When you reach the line that contains "señuelos muy precioso" in the data below, start reproducing lines exactly, and stop after the line that contains "A moment suspended".

## Input
______

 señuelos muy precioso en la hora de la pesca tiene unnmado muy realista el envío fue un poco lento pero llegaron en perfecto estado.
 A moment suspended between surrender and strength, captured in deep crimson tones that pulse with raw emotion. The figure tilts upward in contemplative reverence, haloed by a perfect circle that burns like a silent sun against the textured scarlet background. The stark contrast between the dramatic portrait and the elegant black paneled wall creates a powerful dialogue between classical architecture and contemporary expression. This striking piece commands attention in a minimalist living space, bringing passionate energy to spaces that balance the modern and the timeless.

______

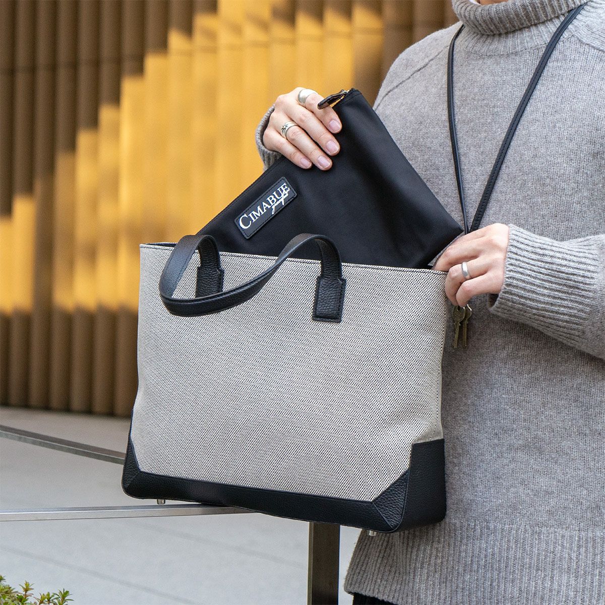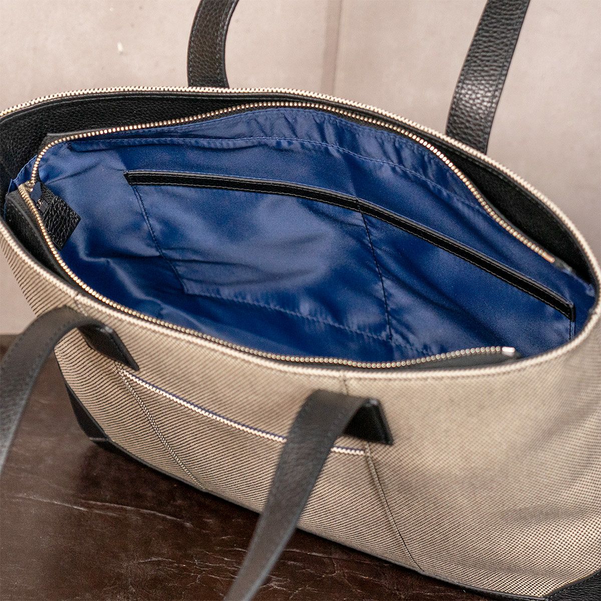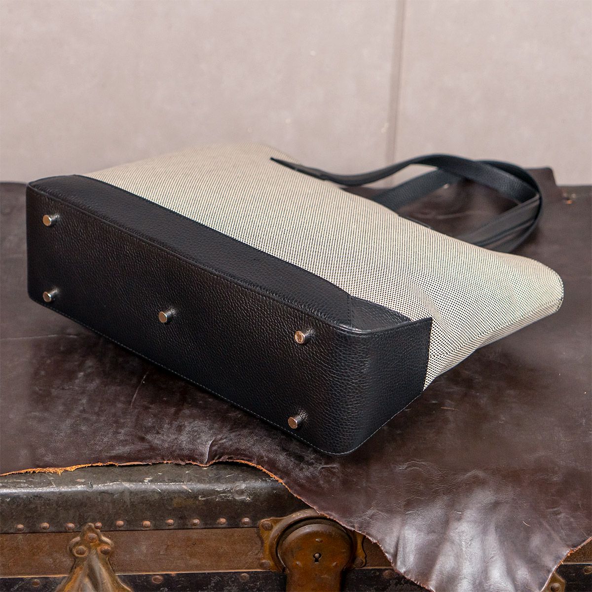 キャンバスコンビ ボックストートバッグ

______

## Answer
 señuelos muy precioso en la hora de la pesca tiene unnmado muy realista el envío fue un poco lento pero llegaron en perfecto estado.
 A moment suspended between surrender and strength, captured in deep crimson tones that pulse with raw emotion. The figure tilts upward in contemplative reverence, haloed by a perfect circle that burns like a silent sun against the textured scarlet background. The stark contrast between the dramatic portrait and the elegant black paneled wall creates a powerful dialogue between classical architecture and contemporary expression. This striking piece commands attention in a minimalist living space, bringing passionate energy to spaces that balance the modern and the timeless.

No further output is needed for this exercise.